Safe Routes Scoop
Safe and Healthy Routes to School

School Nurses are Safe Routes Leaders

As the primary health official in all public and many private schools, school nurses are central to promoting childhood wellness. They are valuable members of many SRTS coalitions, as they see firsthand the health issues facing children today, like obesity and poor nutrition.


“A great way to get the message of ‘healthy living’ across is through lesson plans on specific topics, like nutrition or the environment,” says Barbara Lyons, a school nurse from Tenafly. Lyons has been working with curriculum advisors and physical education teachers in her school district to create healthy lifestyles and pollution units in 5th grade classrooms. “The goal is to increase awareness of health issues at an early age in order to instill healthy habits that will last a lifetime,” she said. Children often pass on this knowledge to family members and can encourage healthy behaviors in the home, she noted.


Local Example: Garfield Health Department’s F.U.N. initiative Partnerships between New Jersey municipalities, community organizations and school districts have also had a positive impact on improving physical health throughout the state.
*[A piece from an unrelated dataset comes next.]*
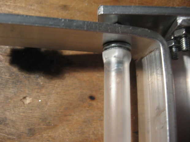 Para fijar el lado opuesto de las ollas a la tuerca de seguridad que tenía que ser aún más creativo. En primer lugar, pegué separadores de metal podridos de un caso de PowerMac G5 para el lado del metal de las ollas. Luego pegué la varilla de plástico de un bolígrafo Bic para el lado del metal de las ollas. Los otros extremos de cada corral fueron cortados para caber dentro de las piernas del metal. Entonces el eje de la pluma era forzado sobre la contratuerca cuadrada y ajustaron a él.

The Garfield Health Department, together with the city’s Parks and Recreation Department, the YMCA, the Boys and Girls Club and

the Ramapo College Nursing Program, has initiated a program called “Garfield Fitness, Unity, Nutrition” (F.U.N.) [], which aims to promote healthy living in the community through diet and exercise.


Give Students an Active Project One component of the F.U.N. project is the use of interactive mapping to encourage kids to walk and cycle to school. Although Garfield boasts a great walking environment, community members were surprised to find out that less than half of Garfield’s students walked to school.
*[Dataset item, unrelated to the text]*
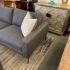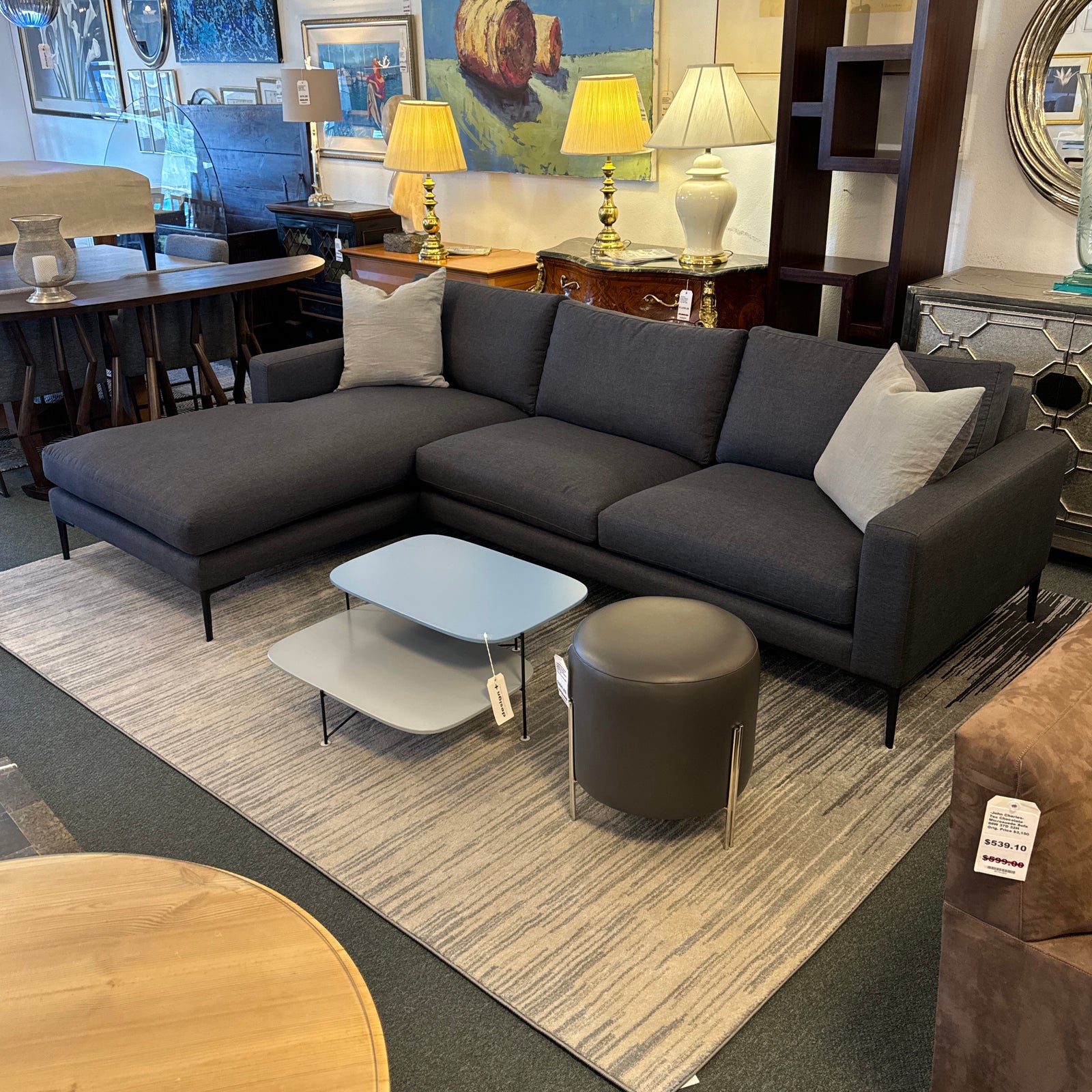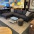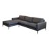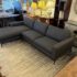 Design Plus Gallery presents a Custom Made Two Piece Grey Sectional. Contemporary silhouette in a timeless style, the 2pc Sectional invites lounging. Charcoal performance (good for pets, not UV resistant) upholstery envelopes loose, plush, synthetic cushions on seats and chaise. The alder-framed sectional is elevated on dark metallic legs that taper elegantly. Custom made in the USA. Minor wear; sectional is in good condition.

As part of the project, children in the Garfield YMCA’s before-school program were assigned to document the street and sidewalk conditions in their community. Using cameras and a computer purchased with the SRTS grant, the children take pictures on their walk to school and upload them the following day at the before-school program.
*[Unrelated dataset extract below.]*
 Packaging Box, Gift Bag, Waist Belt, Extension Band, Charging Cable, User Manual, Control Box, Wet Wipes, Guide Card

“Through the interactive mapping, the children are having fun as they discover new technology, explore their communities and get regular exercise,” explains F.U.N.’s program coordinator, Darleen Reveille. As the project progresses, the maps will contain a wealth of information including pictures and locations of traffic signals, crossing guards, important buildings, local businesses, healthy restaurants and other SRTS-related sites.